• ASSIGNMENT:
Beneath this instruction is a listing. Transcribe from it only the stretch from the line with "Boseong first flush green tea 24 g" through the line with "Below: Parents enjoying the TCS coffee cart.", both end lines included, exactly as written.

• SOURCE RECORDS:
=-=-=

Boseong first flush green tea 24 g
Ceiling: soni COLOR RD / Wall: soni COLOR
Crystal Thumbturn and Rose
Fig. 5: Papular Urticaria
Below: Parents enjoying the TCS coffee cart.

=-=-=

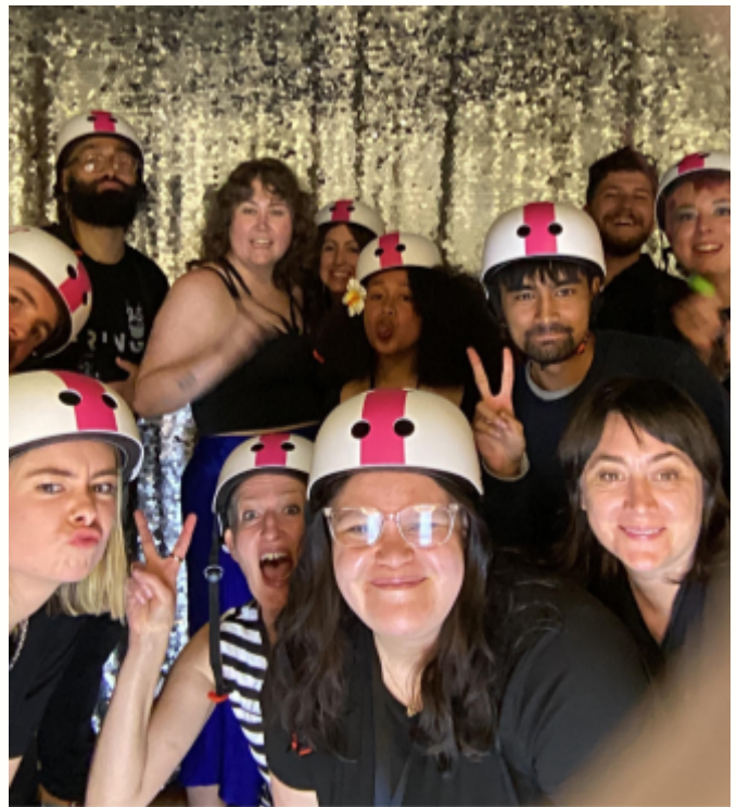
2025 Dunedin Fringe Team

=-=-=

• RESPONSE TO THIS TASK:
Boseong first flush green tea 24 g
Ceiling: soni COLOR RD / Wall: soni COLOR
Crystal Thumbturn and Rose
Fig. 5: Papular Urticaria
Below: Parents enjoying the TCS coffee cart.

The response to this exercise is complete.